Work required. Locate the line containing "Between 1925 and" in the entries below, then retype it and every later line exactly, leaving out pictures.

Source information.
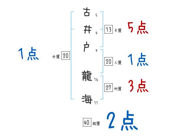 天運![]() | 古井戸龍海さんの天運は13画の5つ星!才能に恵まれ人気がある。名声を手に入れる。円満な人生。 家系が持つ宿命的な運勢を表します。祖先から受け継いだ苗字ですので自分の力が及びません。家柄を象徴します。 |
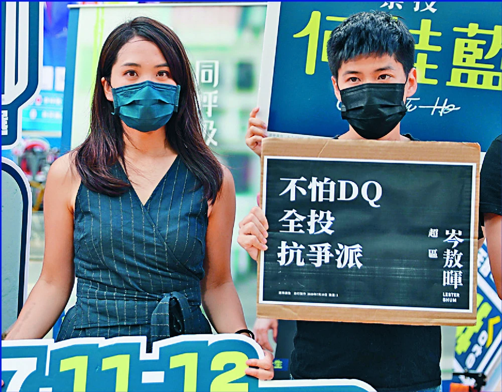 Gwyneth Ho (trái) và Lester Shum – hai nhân vật đối lập bị loại tên khỏi danh sách tranh cử vào hội đồng lập pháp. Ảnh: THE STANDARD
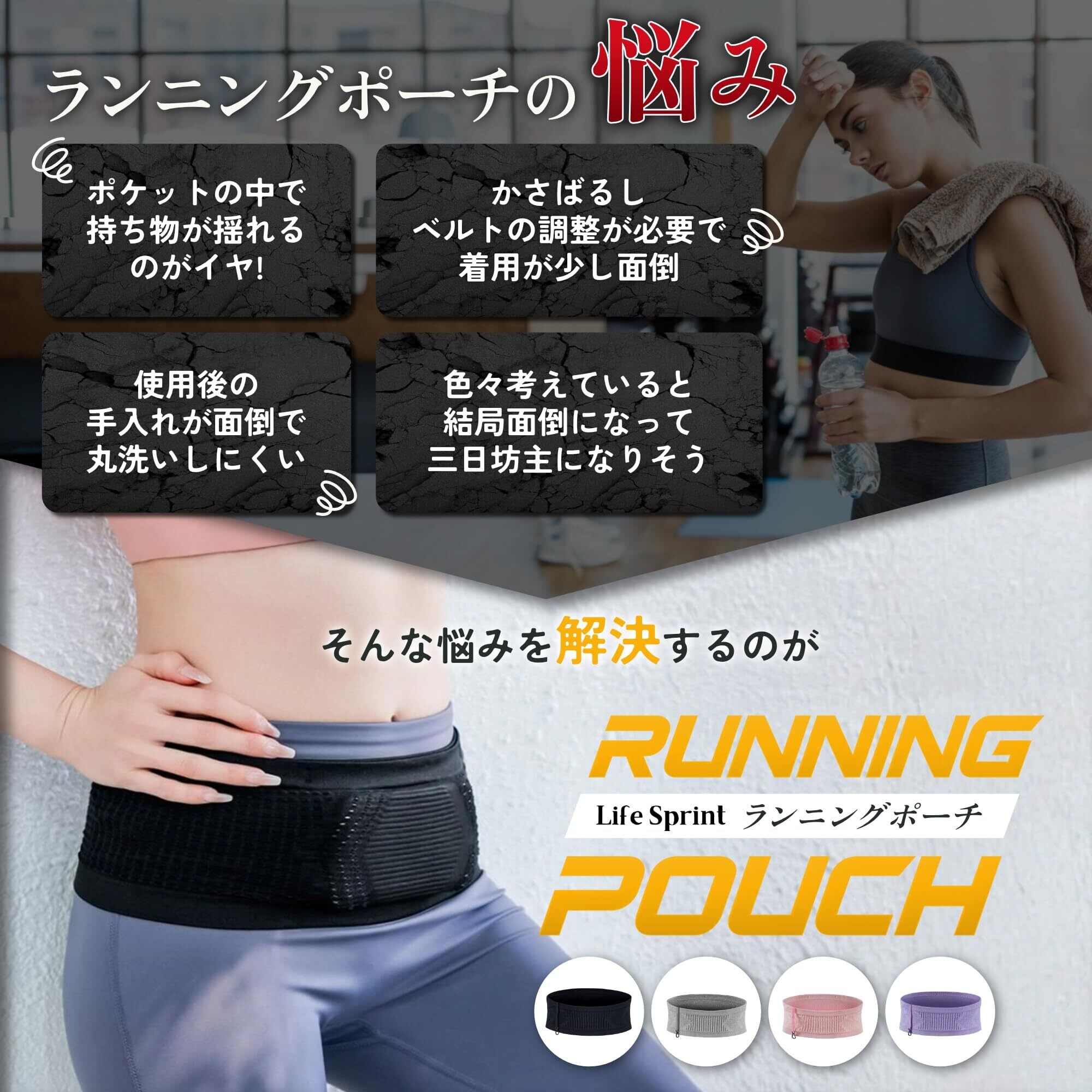 【日本代表選手も推奨】 ランニングポーチ ランニングベルト 揺れない密着タイプ 超軽量コンパクト 洗濯丸洗いOK LifeSprint (M, ブラック)
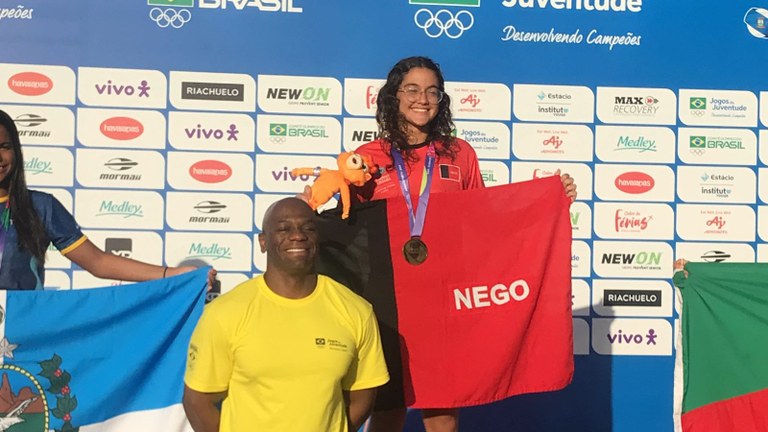 A paraibana Giovana Campos brilhou, nesta terça-feira (12), e conquistou uma medalha de ouro e uma de bronze na natação dos Jogos da Juventude, que estão ocorrendo em Ribeirão Preto (SP). A primeira colocação foi na prova dos 200 metros nado borboleta, enquanto nos 400 metros medley, ela subiu na terceira posição no pódio. A atleta é patrocinada pelo Governo da Paraíba, por meio do programa Bolsa Esporte.
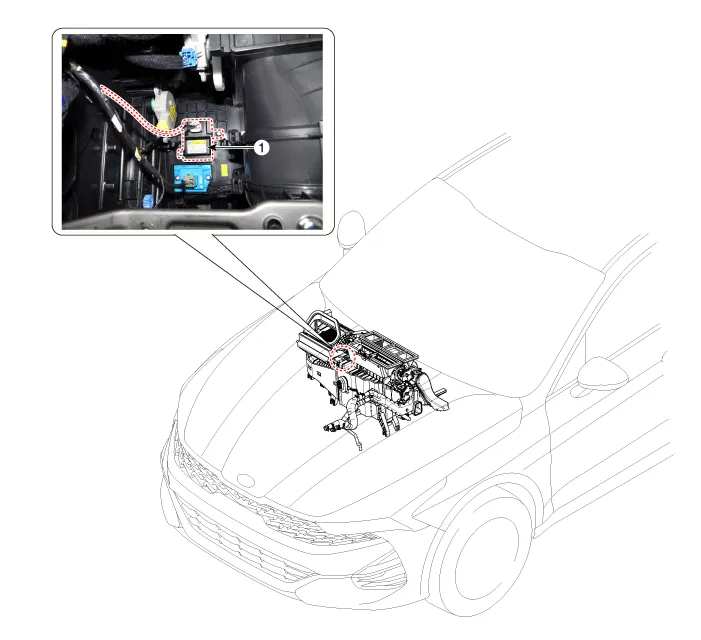 Components and components location Components Location 1. Intake actuator Description and operation Description The intake actuator is located at the blower unit. It regulates the intake door by a signal from the control unit.
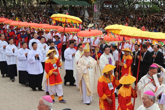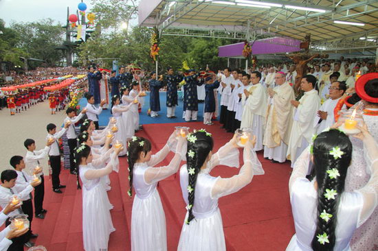 Đúng 17g00 Đoàn rước Đức Tổng Giám Mục Leopoldo Girelli, Đại Diện Đức Thánh Cha, Chủ tế Thánh lễ cùng 15 Giám mục và hơn 230 Linh mục đồng tế.
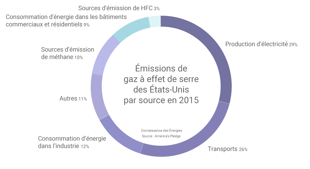 Pour rappel, Barack Obama avait engagé les États-Unis à réduire de 26% à 28% les émissions américaines de gaz à effet de serre d'ici à 2025 par rapport au niveau de 2005. A fin octobre 2017, 20 États américains et 110 villes du pays disposaient de leurs propres objectifs de réduction d’émissions, pour certains « aussi ambitieux que les contributions les plus ambitieuses des Parties de l’Accord de Paris ».
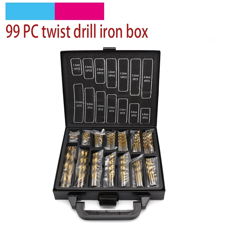 99 шт. Титан покрытием 1,5-10 мм HSS сверла железный ящик в качестве упаковки набор для сверления дерева металла Пластик электрические инструменты
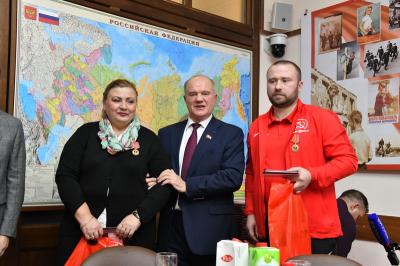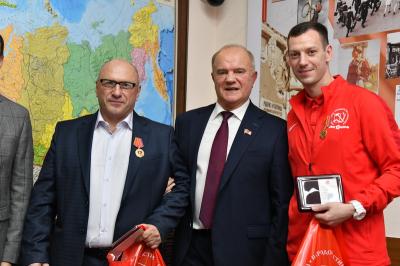 «Спортивный клуб КПРФ по мини-футболу добился больших успехов на престижных соревнованиях, игроки нашего клуба представлены в сборной России. Мы гордимся вами», - поблагодарил футболистов лидер КПРФ и вручил им памятные ордена ЦК КПРФ «100 Ленинскому комсомолу». В числе награжденных не только футболисты, но также тренеры и активные болельщики команды.
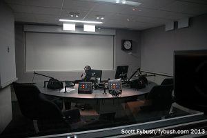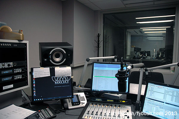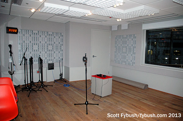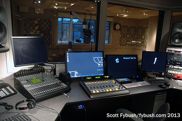 WAMU has one of the more distinctive HD2s out there: “Bluegrass Country” continues a long tradition of bluegrass music on WAMU, and it’s simulcast in the Virginia suburbs on a powerful translator at 105.5. The move to 4401 Connecticut gave the bluegrass folks a floor of their own, and an impressive one at that: there’s a performance studio and control room as well as a suite of air studios for the HD2’s live and voicetracked programming.
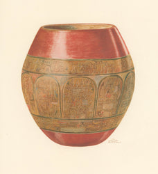 Between 1925 and 1943, Baker’s beautiful ink and watercolor illustrations were published in the three-volume Examples of Maya pottery in the Museum and other collections (edited by G.B. Gordon and J. Alden Mason). Most likely the three volumes were sold by subscription in a limited edition, mostly purchased by museums, thus making these colorful and detailed prints scarce. Each plate is described in pencil upper right hand corner.
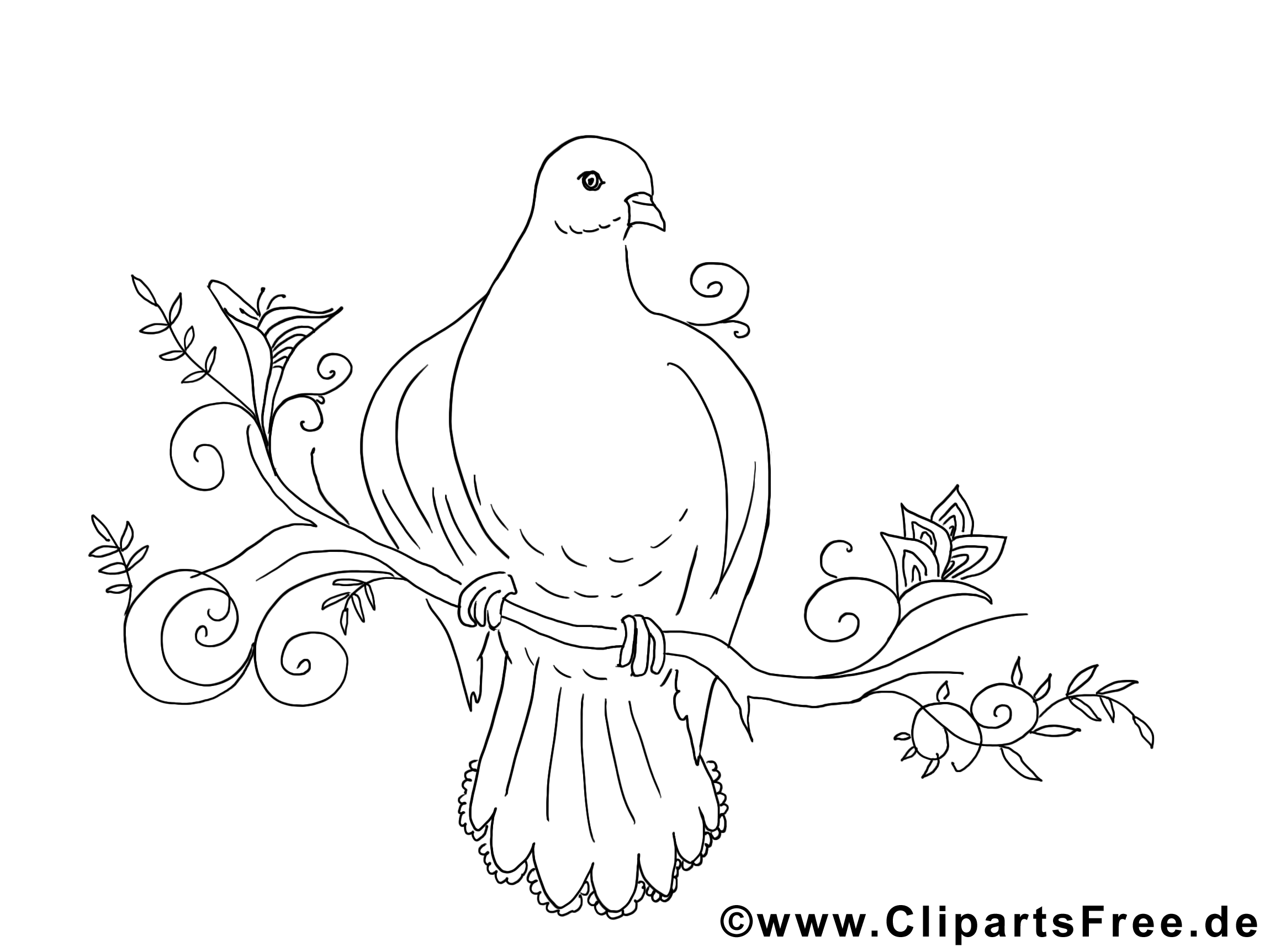 Kostenloses Ausmalbild einer Taube im PDF-Format zum Ausmalen
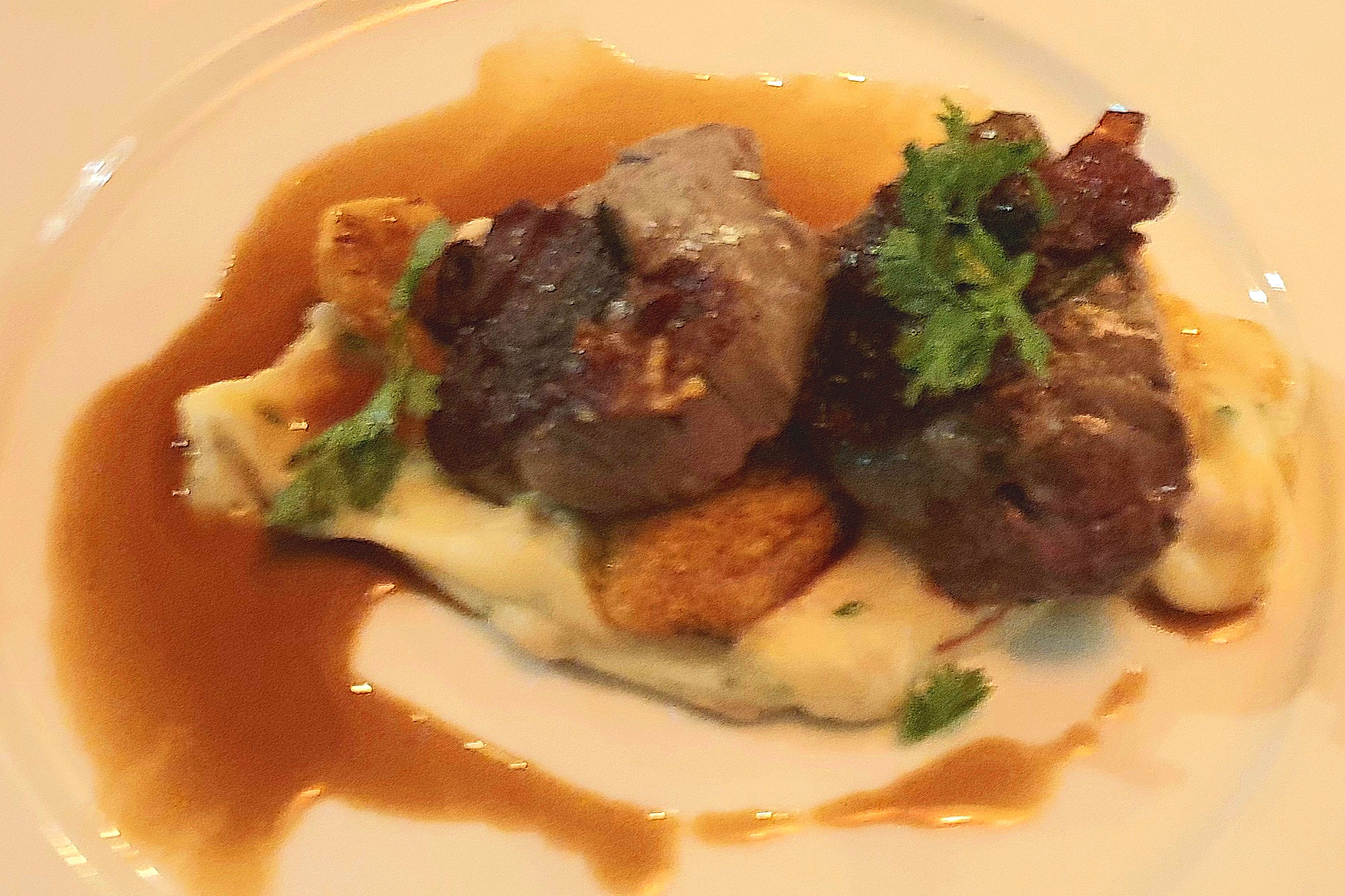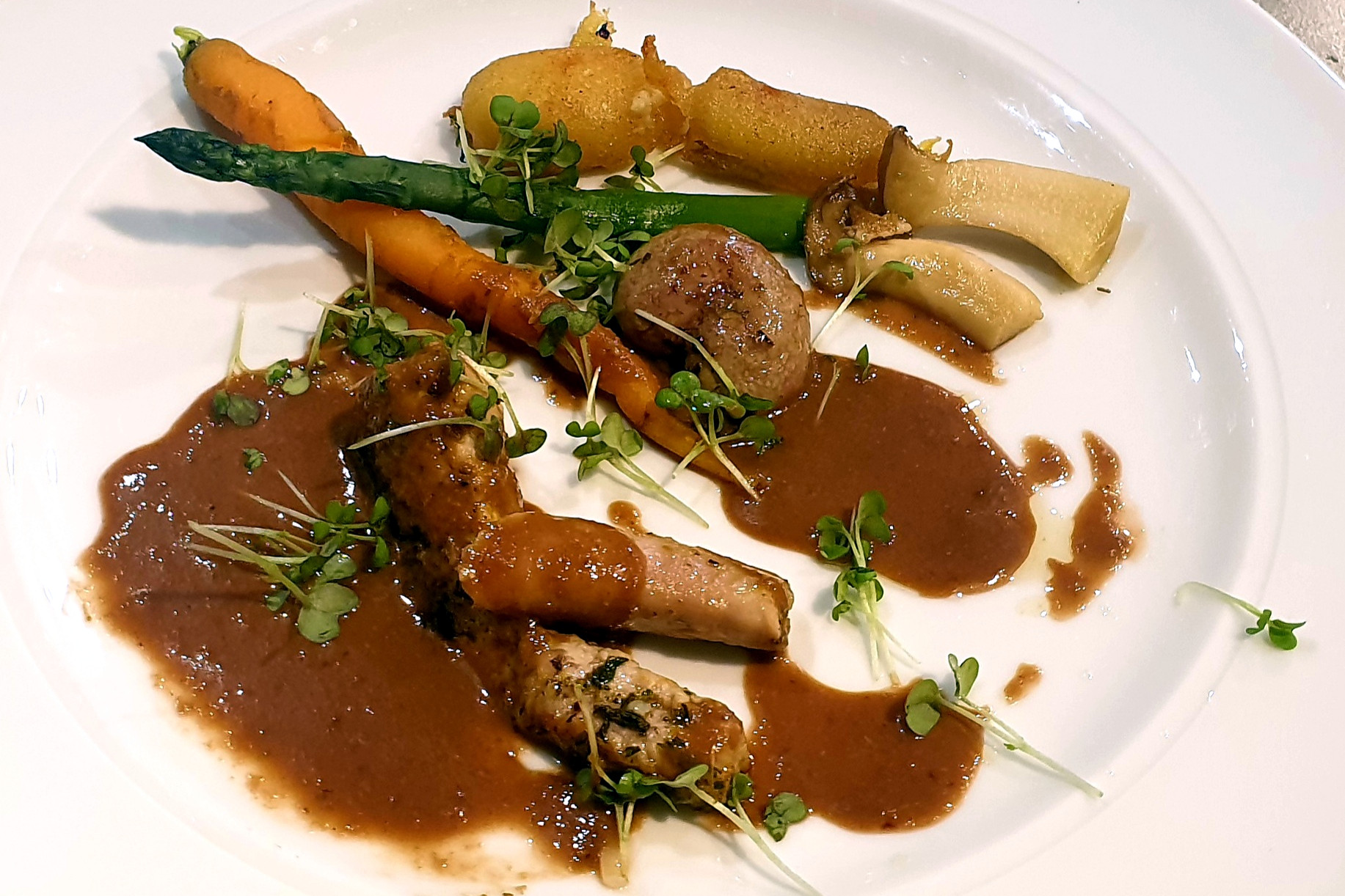 Zickleinrücken, Spargel, Brokkoli, Kartoffelgratin, Buttersauce
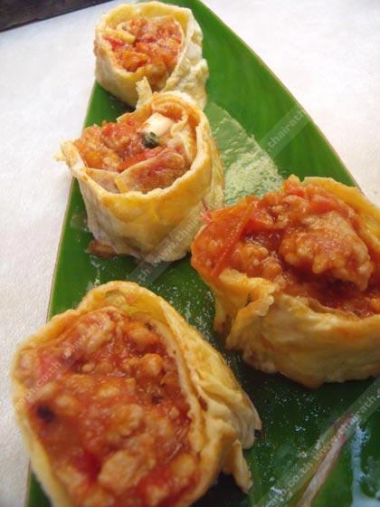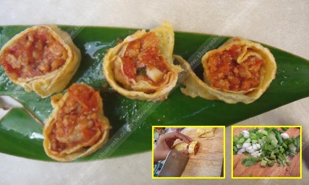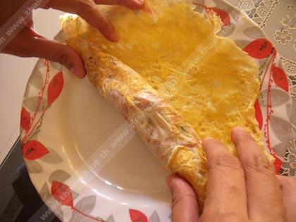 4. นำน้ำพริกอ่องตักใส่บนแผ่นไข่ จากนั้นม้วนจนหมดแผ่น

Response.
 Between 1925 and 1943, Baker’s beautiful ink and watercolor illustrations were published in the three-volume Examples of Maya pottery in the Museum and other collections (edited by G.B. Gordon and J. Alden Mason). Most likely the three volumes were sold by subscription in a limited edition, mostly purchased by museums, thus making these colorful and detailed prints scarce. Each plate is described in pencil upper right hand corner.
 Kostenloses Ausmalbild einer Taube im PDF-Format zum Ausmalen
 Zickleinrücken, Spargel, Brokkoli, Kartoffelgratin, Buttersauce
 4. นำน้ำพริกอ่องตักใส่บนแผ่นไข่ จากนั้นม้วนจนหมดแผ่น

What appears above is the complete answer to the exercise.